После смерти первой жены Державин женился на молодой Дарье Дьяковой, пережившей его почти на 30 лет. Детей у поэта не было ни в первом, ни во втором браке. Он воспитывал детей своего умершего друга Петра Лазарева и осиротевших племянниц Дарьи Дьяковой.

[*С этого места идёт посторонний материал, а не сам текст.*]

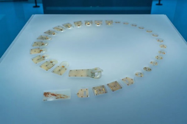 出土于1号墓,是迄今为止国内出土的唯一一套最完整的十三环蹀躞金玉带,也是迄今发现等级最高、皇帝御用的带具,填补了中国古代舆服考古史的一项空白。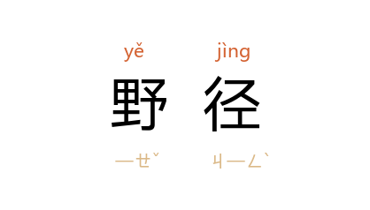 引南朝 梁 沉约 《宿东园》诗:“野径既盘紆,荒阡亦交互。”宋 方岳 《梦寻梅》诗:“野逕深藏隐者家,岸沙分路带溪斜。”清 郝明龙 《乙未》诗:“乘便小舠看钓去,偶来野径得花归。”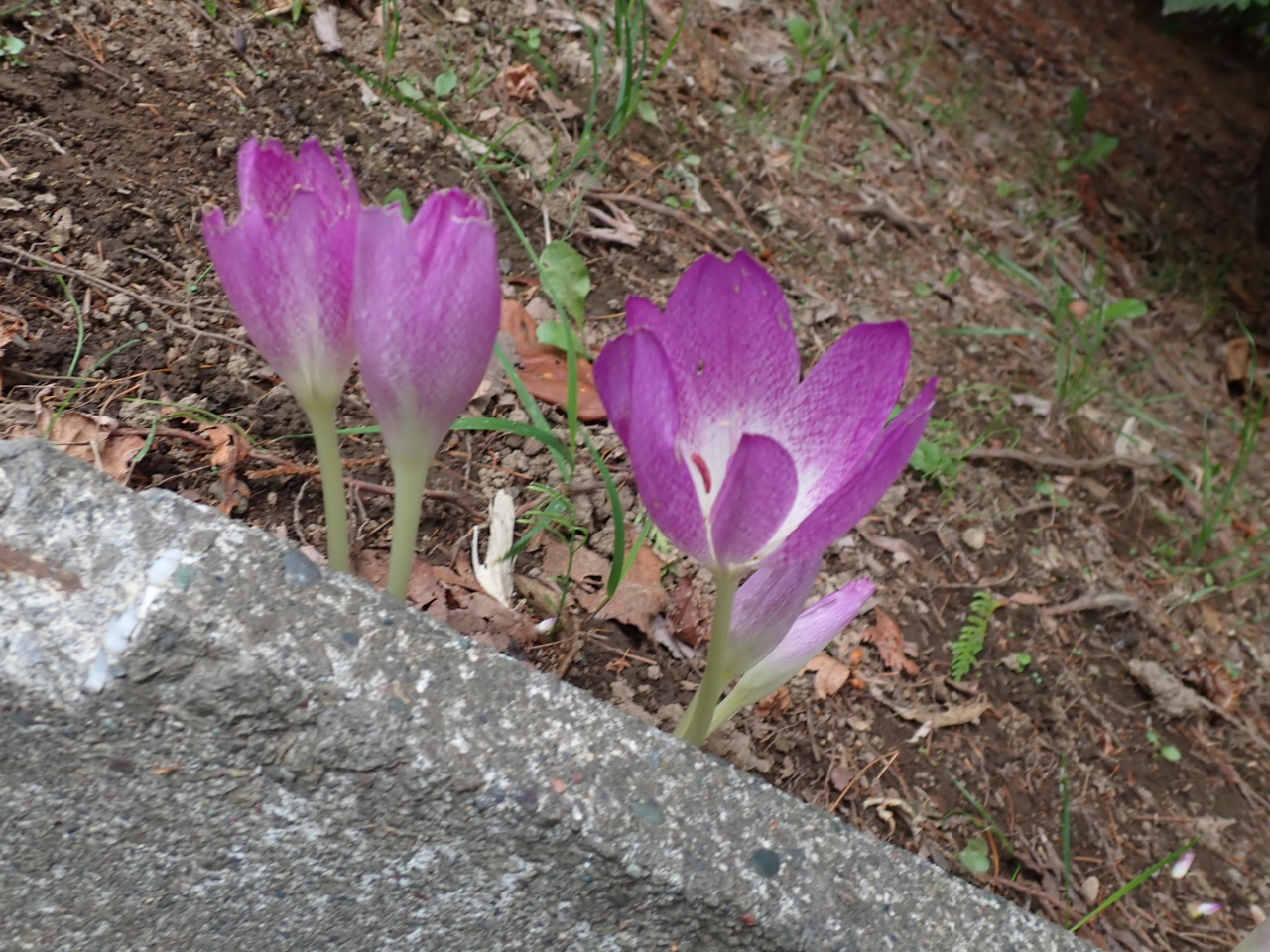 園内の通路脇各所でコルチカムが開花しています。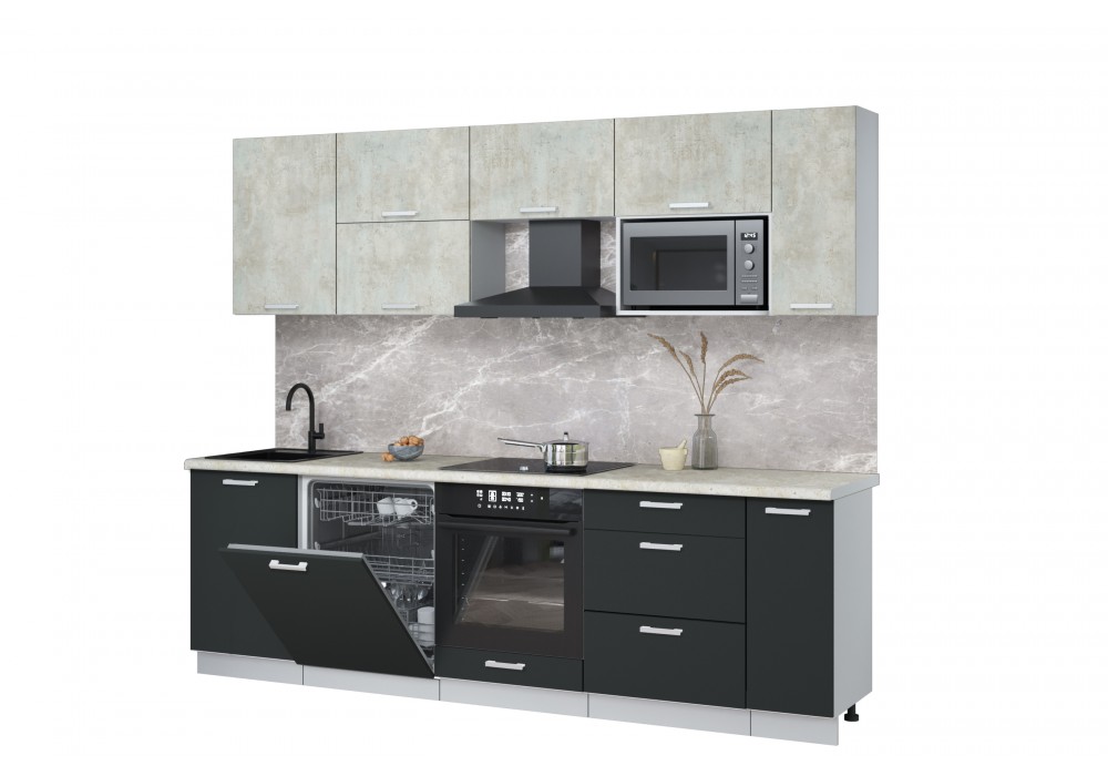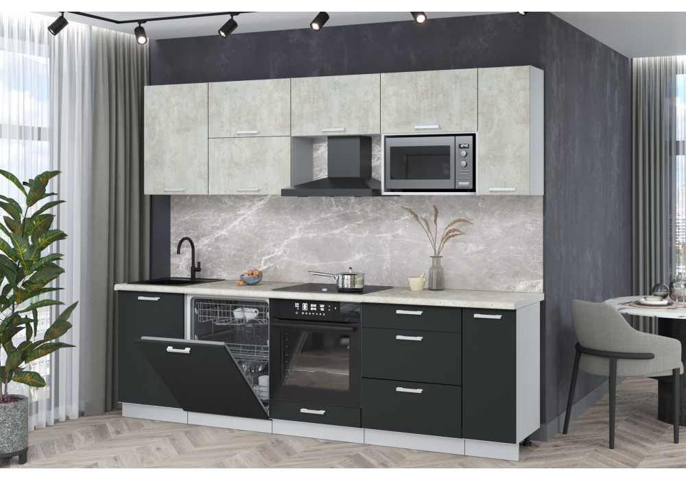 Кухонный гарнитур Мила Лайт 2,6-ПМ2 (Бетон лайт/Антрацит/Опал светлый) фабрика Интерлиния
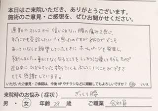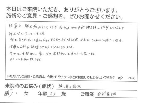 連勤のストレスから信じられない腰の痛みを感じ、すぐにでも受信したい!!と思ったのですが、祝日でどこもあいていなくて絶望していたときにホームページを発見し、予約しました。動けなくなるところをしっかり治療してもらえたので近日中にひかえていた旅行にも無事にいくことができて、とても感謝しています。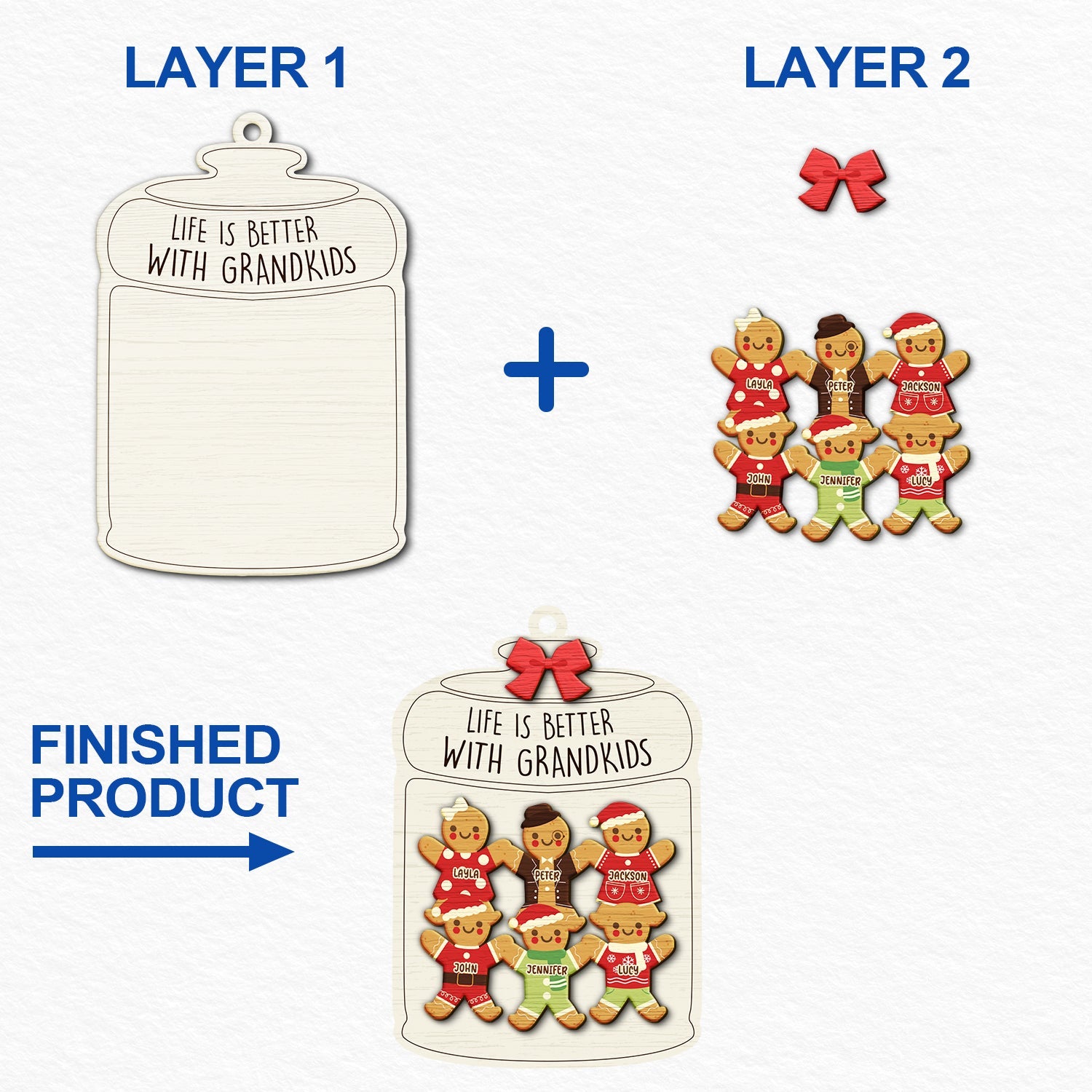 Gingerbread Life Is Better With Grandkids – Christmas, Gift For Grandparent – Personalized 2-Layered Wooden Ornament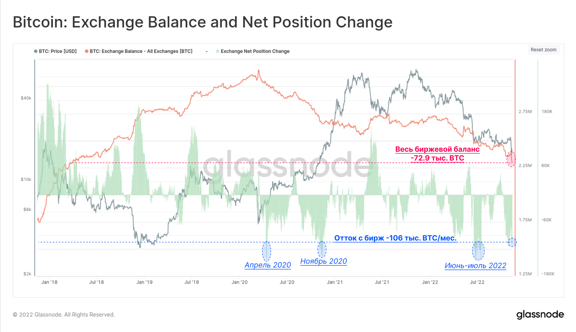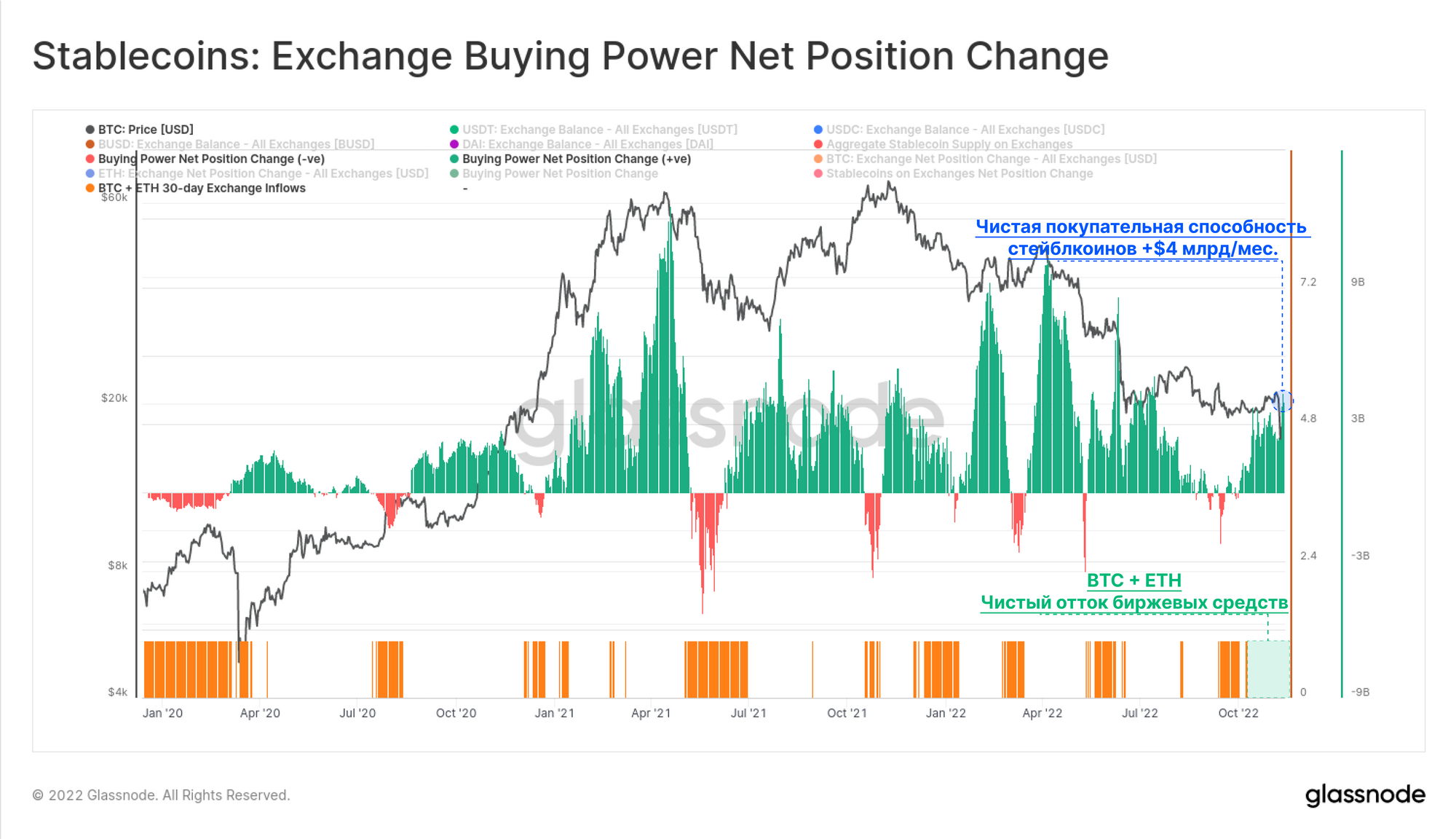 - Отсутствие 🟧 в трассировке штрих-кода (заштрихованный участок) указывает на то, что на биржах наблюдается чистый отток BTC + ETH.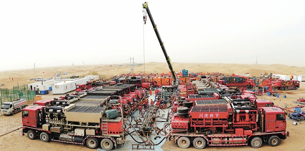 ![]() 5月29日,西北油田采油四厂SHB5-10井酸压投产,喜获高产油气流。该井位于顺北5条带中段,完钻井深8143米。该井的顺利投产,进一步明确了顺北5条带中段成藏规律,标志着中国石化在特深断溶体油藏开发技术方面取得新进展。图为5月27日,SHB5-10井酸压作业队员安装压裂设备。 本报记者 章 铮 摄 李学仁 付 莲 文 |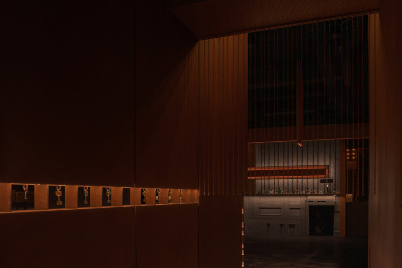 underneath the bar counter are eight spliced concrete doors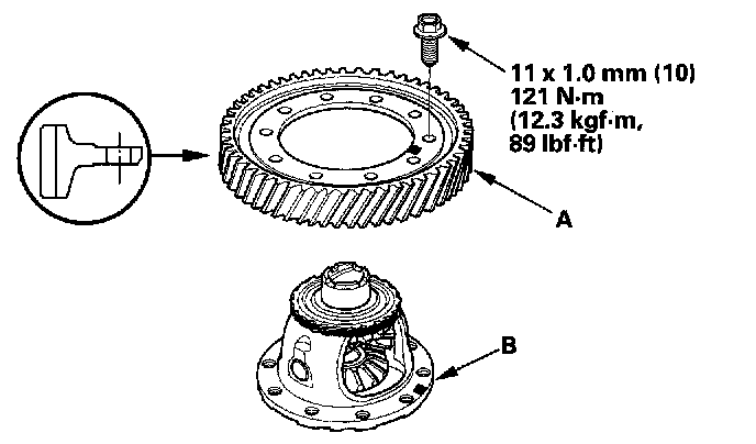 Differential Carrier, Final Driven Gear Replacement1. Remove the bolts (left-hand threads) in a crisscross pattern in several steps, then remove the final driven gear (A) from the differential carrier (B).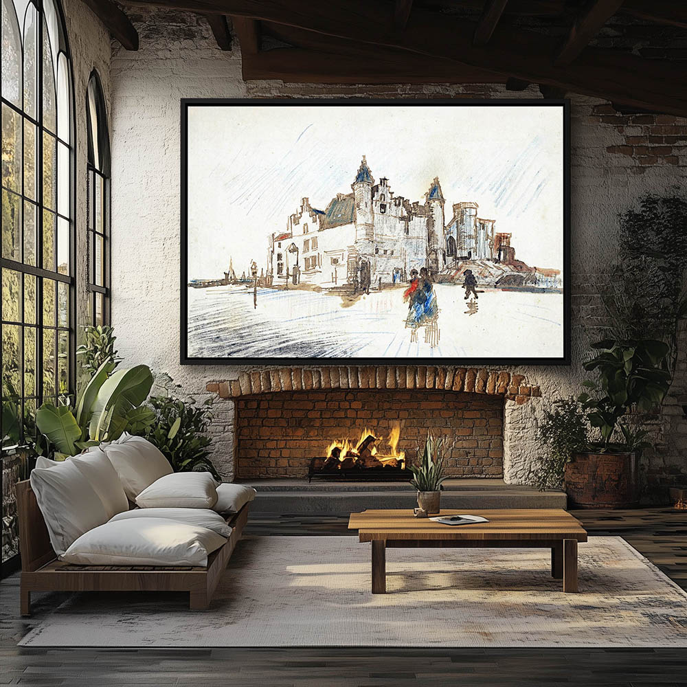 Landscape Painting with The Felino Castle near Parma and Two Figures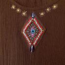 エスニックなアジアン風のビーズ刺繍と袖の刺繍が特徴です。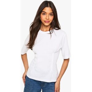 Flattering cinched waist design creates a feminine silhouette Soft cotton blend fabric with slight stretch for all-day comfort Classic crew neckline for a timeless look Elbow-length sleeves offer versatile seasonal styling Subtle side seam detailing adds interest to this wardrobe staple This Cotton Cinched Waist T-shirt from Boohoo combines everyday comfort with figure-enhancing style. The clever waist detailing creates definition whilst maintaining the casual ease of your favourite tee. Perfect for pairing with striped bottoms as shown for a nautical-inspired daytime look, or dress it up with a midi skirt and trainers for weekend brunches. The versatile design works brilliantly layered under cardigans or jackets when temperatures drop, whilst the cotton-rich fabric ensures breathability for warmer days. This adaptable piece transitions effortlessly from casual coffee dates to family gatherings - simply customise with your favourite jewellery and accessories to suit the occasion. A true wardrobe hero that delivers on both comfort and style.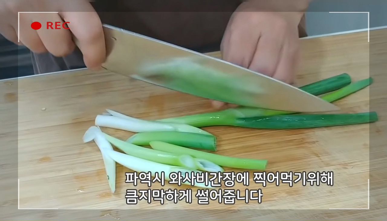 부추, 쑥갓, 대파를 와사비 간장에 찍어 먹으면 정말 별미예요.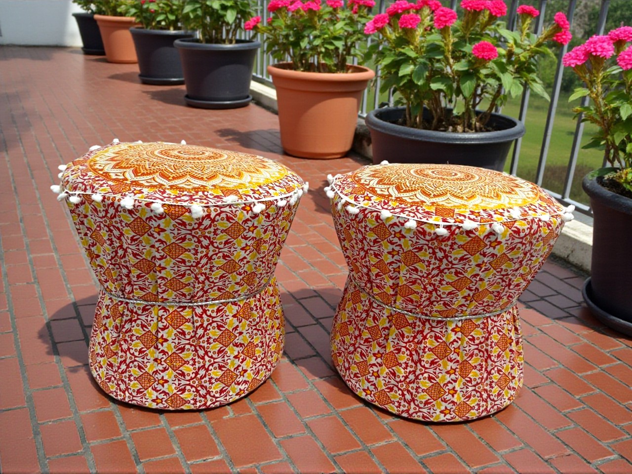 Add a burst of vibrant culture to your home with this stunning set of 2 handcrafted Rajasthani stools / Ottoman/ Mudda Covers. Inspired by the traditional design, these covers are adorned with colorful folk art, tribal dance motifs, and intricate patterns in bright hues. The cotton fabric cover is detailed with tassels , making each piece a celebration of Indian craftsmanship.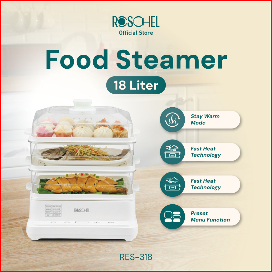 Roschel Electric Food Steamer Kukusan Listrik 18l Electric Cooker 3 Lapis Hotpot Steamer Listrik Multifungsi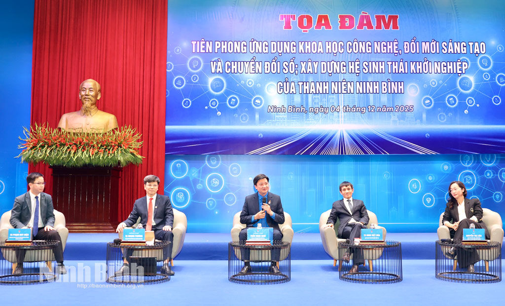Nằm trong khuôn khổ Đại hội đại biểu Đoàn Thanh niên Cộng sản Hồ Chí Minh tỉnh Ninh Bình lần thứ I, nhiệm kỳ 2025-2030, chiều 4/12, Tỉnh đoàn Ninh Bình phối hợp với Sở Khoa học và Công nghệ tổ chức buổi tọa đàm “Tiên phong ứng dụng khoa học công nghệ (KHCN), đổi mới sáng tạo và chuyển đổi số; xây dựng hệ sinh thái khởi nghiệp của thanh niên Ninh Bình”.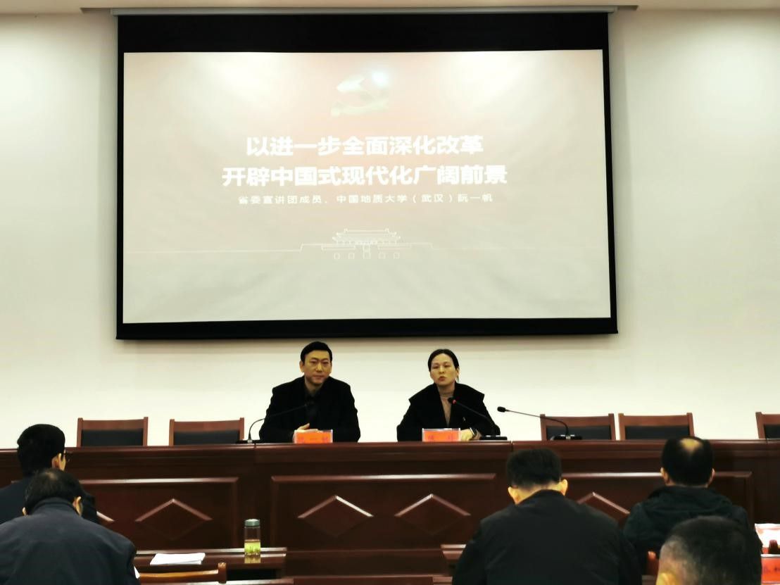 在英山县融媒体中心,武彦斌副教授作了“学深悟透二十届三中全会精神,夯实全面深化改革的思想基础”的专题宣讲,以怎么看、怎么干、怎么抓为引入,结合国内外典型事例,从理论层面和实践层面深入剖析了历史大变局中全面深化改革的必要性和紧迫性。同时,他还就新时代如何做好媒体工作、如何提高党的新闻舆论传播力、凸显主流价值等问题同与会人员进行了深入交流和探讨。宣讲内容丰富、内涵深刻,深入浅出、通俗易懂,既有理论高度,又有实践深度,对现场听众完整准确、全面领会全会精神提供了有力指引。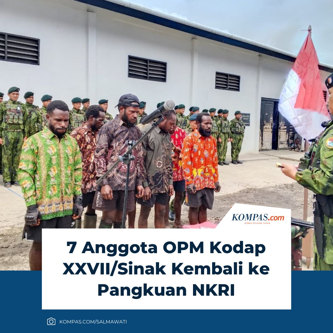 Tujuh anggota Tentara Pembebasan Nasional Papua Barat Organisasi Papua Merdeka (TPNPB-OPM) Kodap XXVII/Sinak yang selama ini terlibat dalam aksi kekerasan dan teror bersenjata kembali ke pangkuan Negara Kesatuan Republik Indonesia (NKRI).

Владимир Боровиковский. Портрет Дарьи Алексеевны Державиной, второй жены поэта
Владимир Боровиковский. Портрет Дарьи Алексеевны Державиной, второй жены поэта

А еще, выйдя в отставку, окружил себя птицами, которых кормил из рук. Был среди его любимцев снегирь, «выученный петь одно колено военного марша». Талантливая птица и не знала, чем ей обязаны читатели. Конечно же, «Снигирем», посвященным памяти Суворова:

Что ты заводишь песню военну
Флейте подобно, милый снигирь?
С кем мы пойдем войной на Гиену?
Кто теперь вождь наш? Кто богатырь?
Сильный где, храбрый, быстрый Суворов?
Северны громы в гробе лежат.

Кто перед ратью будет, пылая,
Ездить на кляче, есть сухари;
В стуже и в зное меч закаляя,
Спать на соломе, бдеть до зари;
Тысячи воинств, стен и затворов;
С горстью россиян всё побеждать?

Быть везде первым в мужестве строгом,
Шутками зависть, злобу штыком,
Рок низлагать молитвой и Богом,
Скиптры давая, зваться рабом,
Доблестей быв страдалец единых,
Жить для царей, себя изнурять?

Нет теперь мужа в свете столь славна:
Полно петь песню военну, снигирь!
Бранна музыка днесь не забавна,
Слышен отвсюду томный вой лир;
Львиного сердца, крыльев орлиных
Нет уже с нами! — что воевать?

Суворов умер при Державине 6 мая 1800 года. Незадолго до смерти полководец спросил его:

Какую же ты мне напишешь эпитафию?

— По-моему, много слов не нужно, — ответил Державин. — Довольно сказать: здесь лежит Суворов.

Собственную поэтическую эпитафию Гавриил Романович написал за 9 лет до смерти, - «Признание». Он называл его «объяснением на все свои сочинения:

Не умел я притворяться,
На святого походить,
Важным саном надуваться
И философа брать вид;
Я любил чистосердечье,
Думал нравиться лишь им,
Ум и сердце человечье
Были гением моим.
Если я блистал восторгом,
С струн моих огонь летел,
Не собой блистал я — Богом;
Вне себя я Бога пел.
Если звуки посвящались
Лиры моея царям, —
Добродетельми казались
Мне они равны богам.
Если за победы громки
Я венцы сплетал вождям, —
Думал перелить в потомки
Души их и их детям.
Если где вельможам властным
Смел я правду брякнуть в слух, —
Мнил быть сердцем беспристрастным
Им, царю, отчизне друг.
Если ж я и суетою
Сам был света обольщён, —
Признаюся, красотою
Быв пленённым, пел и жён.
Словом: жёг любви коль пламень,
Падал я, вставал в мой век.
Брось, мудрец! на гроб мой камень,
Если ты не человек.

Это поэтическое завещание. А последним шедевром стала неоконченная «Река времен». По сути, перед нами только первая строфа, написанная на аспидной доске. Стихотворение незакончено. Река времен течет в вечность. Что он хотел написать дальше? Этого не знает никто.

Река времен в своем стремленьи
Уносит все дела людей
И топит в пропасти забвенья
Народы, царства и царей.
А если что и остается
Чрез звуки лиры и трубы,
То вечности жерлом пожрется
И общей не уйдет судьбы.

Чрез звуки лиры и трубы… А не это ли лучшее определение поэзии Державина и вообще поэзии его эпохи?